Provide documentation on preferred method of migrating Gitaly servers
Searching through the documentation on https://docs.gitlab.com/, I was unable to find any appropriate documentation on how we officially recommend this type of migration be done. There is some documentation on using rsync: https://docs.gitlab.com/ee/administration/operations/moving_repositories.html.
However, I feel this approach, of using rsync, is outdated compared to the tooling the product now provides through the Project repository storage moves API. Most importantly, the old rsync-based documentation provides no easy approach to validating that the new repository is equivalent to the source.
GitLab.com's infrastructure team are well versed in moving repositories around (@nnelson is our resident expert on this) and, with the help of the Gitaly team (thanks to @zj-gitlab and @derekferguson's prioritisation), this tooling has largely been integrated into the product now. Instead of building tools outside the product, the tooling that we need is now part of the product.
This has all the virtues of dogfooding: the migration process is well built, well tested, used by the infrastructure team and migrations can be done with almost no downtime - only a brief interruption per repository. Importantly, the repositories are fully validated before-and-after to ensure that corruption cannot occur.
With this in mind, we should consider updating the repository move documentation and provide an official guide to Gitaly server migration process, using these tools.

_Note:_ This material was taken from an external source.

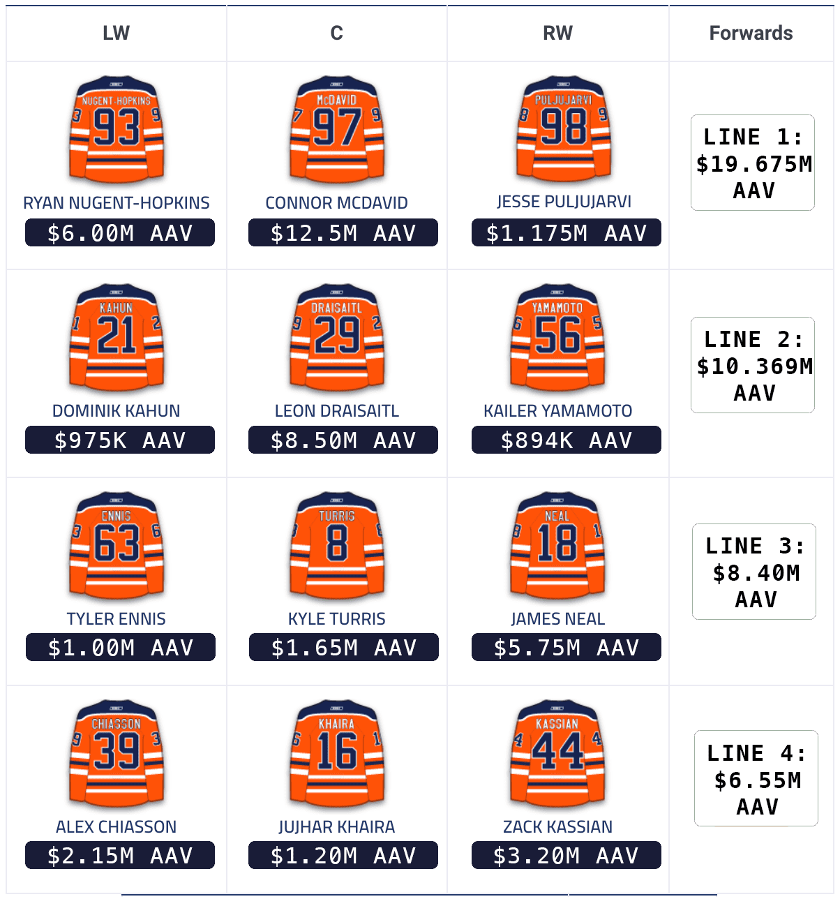 That leaves Chiasson and Kassian to play with @Jujhar Khaira/@Gaetan Haas and @Josh Archibald on the outside looking in. This lineup is capable of getting offence from their top-9 with a heavy fourth-line, a recipe that worked well for the @Tampa Bay Lightning last year. It’s their most balanced look on paper, but Tippett will have a lot of options. Something that couldn’t be said about the Oilers in years previous.
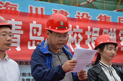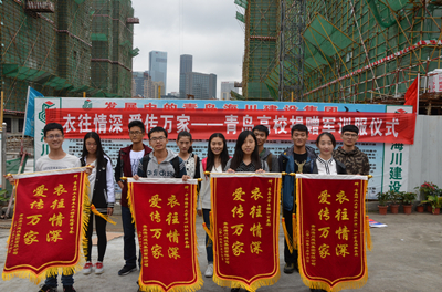 2016年10月16日下午,由304永利集团、青岛大学和中国海洋大学共同参加的“衣往情深,爱传万家”军训服装捐赠仪式,在青岛海川建设镇江路项目工地顺利举行。青岛海川建设集团副总裁李尊强、团委书记王群、所在项目部工人代表以及我校黄岛校区红十字志愿服务团团长郭迎雪、市北校区土木学院学生代表刘贞涛和另外两所高校学生代表参加了此次军训服捐赠仪式。

Proposed "Official" Gitaly Migration Process
I propose the following approach, which is very similar to how the Infrastructure team for GitLab.com are handling repository moves.
- Setup new repository servers as Gitaly servers and add them as new shards via the GitLab Admin UI.
- Configure repository weights of new target servers to 100 and source servers to 0. This will ensure that all new repositories will arrive on target servers.
- See screenshot below
- See screenshot below
- (Optional) Standup a dedicated Sidekiq node for handling
project_update_repository_storagejobs. Configure the node for a maximum concurrency of (say) 4. This is means of throttling the shard migration jobs so that they don't overwhelm the server.
- Provide a small script for using the new automatic shard selection feature of the repository move API to migrate repositories from the source servers to the target.
- The script will need to iterate over all projects and issue the repository moves via the API
- If the
project_update_repository_storagesidekiq jobs are throttled, the API moves can be issued all at once, and they will be dequeued sequentially and with optimal efficiency. If the jobs are not throttled, care needs to be taken to issue these moves at a pace that the server is able to keep up with (as a starting point, 10 moves per minute could be issued and this could be tuned up or down)
- The automatic shard selection feature was proposed here: gitaly#3209 (closed) and is documented in !45627 (merged)
- GitLab will perform all validation and will guarantee that the repository is equivalent before and after the move.
- If validation fails for some reason, the move is not completed and the repository remains on the source server.
- Each repository will be offline for a very brief period during the move.